The most common issue that distinguishes an actionable defamation claim based on online reviews from one likely to fail is the issue of whether or not a statement was false. Only false statements of fact can be the basis of a defamation claim, not opinions. A statement of fact has to be able to be objectively proved or disproved. Consider the two following hypothetical restaurant reviews:

“That was the most disgusting and flavorless meal I have ever had in my life.”

“The waiter spit in my food.”

The former is non-actionable opinion, as it cannot be objectively proven that the meal was the “the most disgusting and flavorless” one the reviewer ever had. Conversely, the latter is a statement of fact; it can be proven (perhaps not easily) whether or not the waiter spit in the diner’s food.

Additionally, Illinois courts emphasize the context in which an allegedly defamatory statement has been made in determining whether the statement can be the basis of a claim. Even if a single statement in a long rant is arguably a statement of provable fact, it may not constitute defamation if a reasonable reader would see it simply as invective.

Consider Brompton Building, LLC v. Yelp, Inc., a 2013 Illinois Appellate Court decision in which a building management company sued an anonymous former tenant who had posted a hyperbolic, scathingly negative, and extremely lengthy online review. Even though the rant contained a few objectively verifiable statements, the court found that it could not support a defamation claim because in context they would not be understood to be actual factual allegations. As the court noted, “The context of the defamatory statements is critical in determining its meaning. In determining the context of the defamatory statements, we must read the writing containing the defamatory statement ‘as a whole.'”
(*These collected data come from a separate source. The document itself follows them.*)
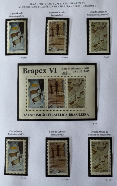 • Bloco e Comemorativos do bloco - 1985 - Brapex VI - B-69 + 6 selos: C-1455 a C-1460 - mint (21,4 UF).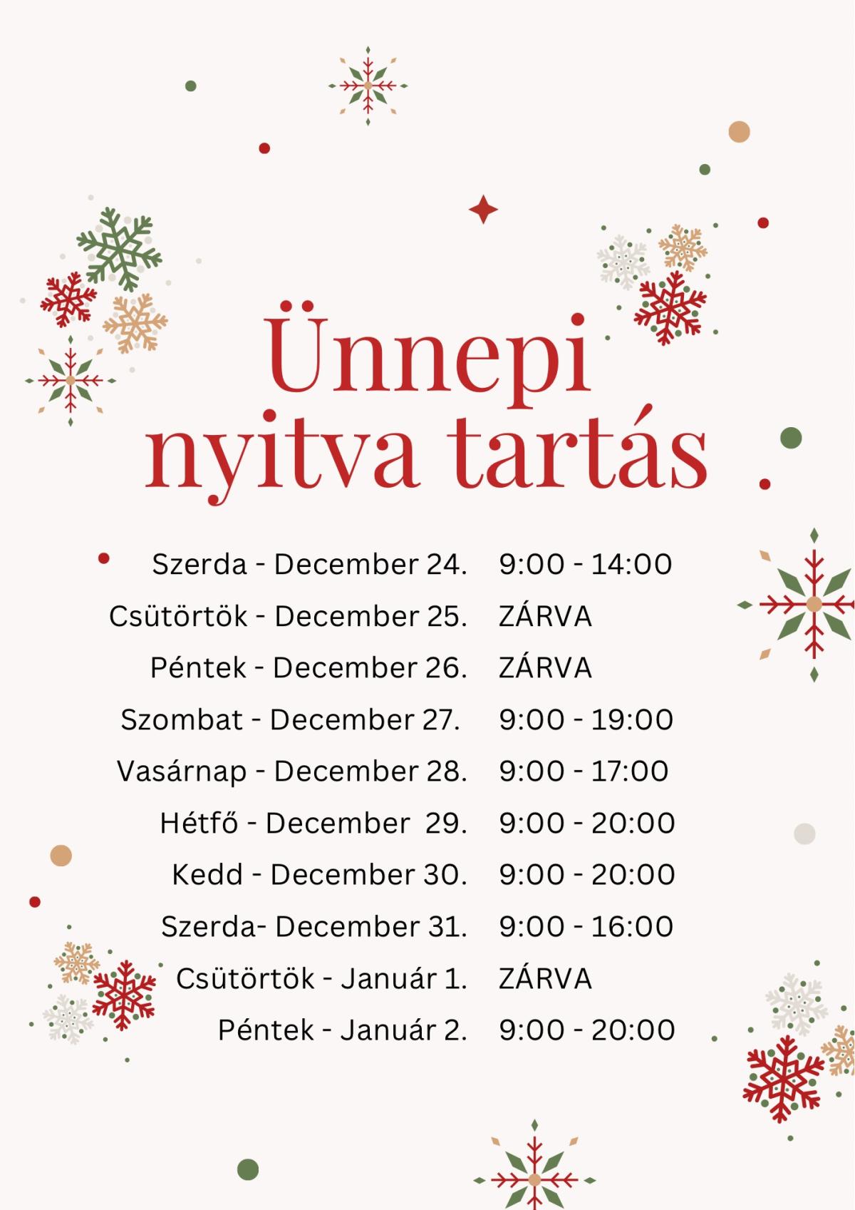 Ünnepi nyitvatartásunk: December 23. 9-20 óráig. December 24-én 9-14 óráig. December 25-26. ZÁRVA.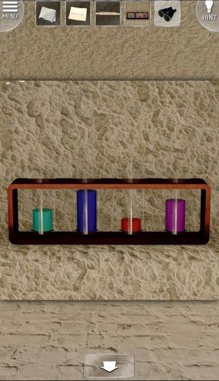 4つの岩の高さの順で先ほどのロウソクを見て、『紫赤緑青』となるのを確認。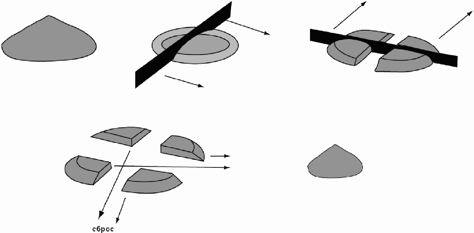 3 | Сокращение и/или расщепление пробы с целью последующего измельчения и/или с целью сделать возможным разделение | Сокращение массы | - | - | - | - | - | - | - | - | Часть пробы для определения гранулометрического состава, устойчивости к истиранию, содержания влаги и т.д. |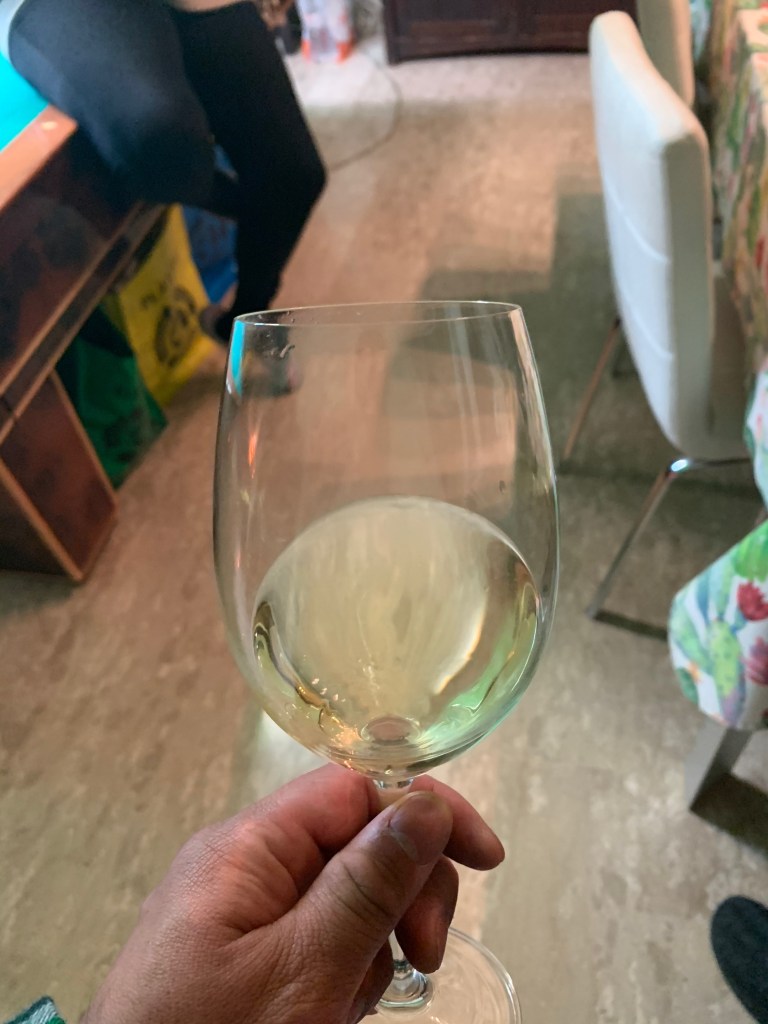 美味しいワインと食事をご馳走になりましたが、飲み過ぎて次の日は二日酔いでした。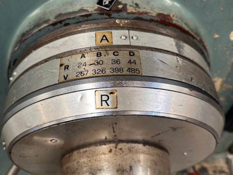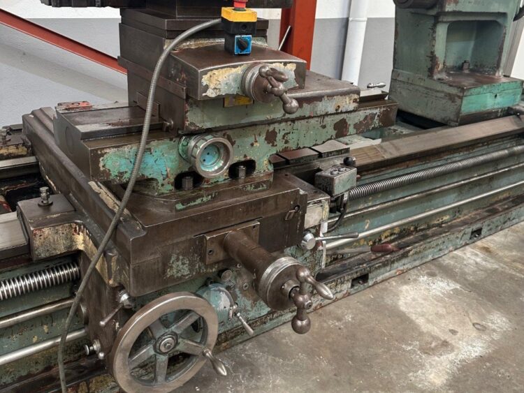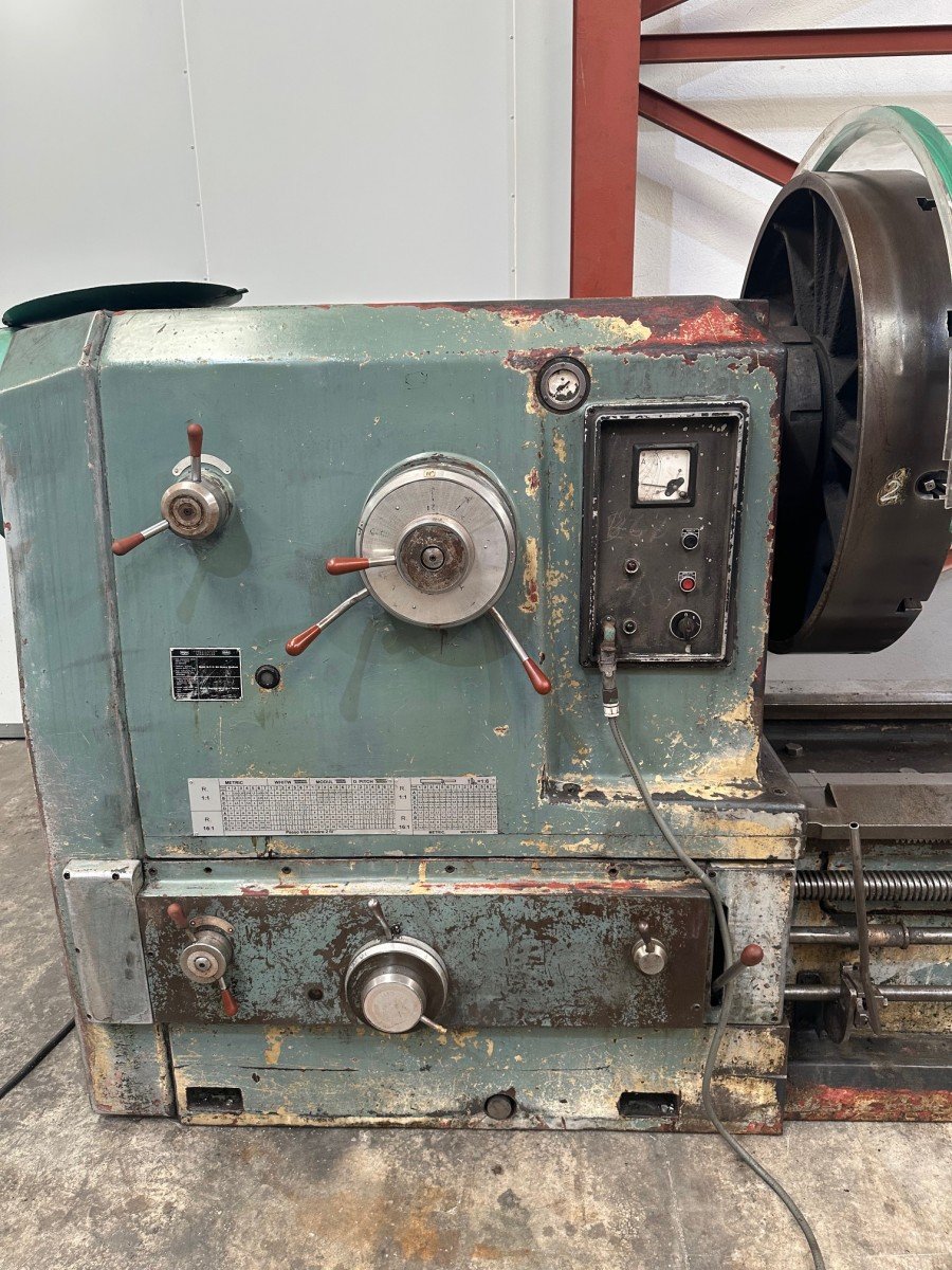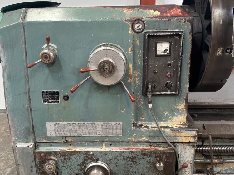Torno Jashone M 215-E con 1600 mm entre puntos, agujero de caña de 84 mm y rango de velocidades de 50 a 1500 rpm.

Careful How You Respond – Especially if You’re a Physician

The bottom line for business owners and professionals is that a lawsuit in response to outrageous internet reviews and comments that make their blood boil and their businesses suffer may not be the best course of action.  While certain false statements of fact in such comments can be the basis of a defamation claim, business owners and professionals should carefully consider how to proceed lest their response make a bad situation worse.

This is especially true if you are a physician. Doctors and other health care professionals are regularly reviewed online, and some of those reviews come from disgruntled patients who may publicly criticize the treatment they received. The problem is that in an effort to defend the care they provided, some doctors have revealed confidential patient information in comments they have posted in response to negative reviews. Such HIPPA violations, as with other online professionalism mistakes, have serious licensing and regulatory consequences. Any doctor wanting to post an online response to a patient complaint should think long and hard about how they do so – and whether they should respond at all.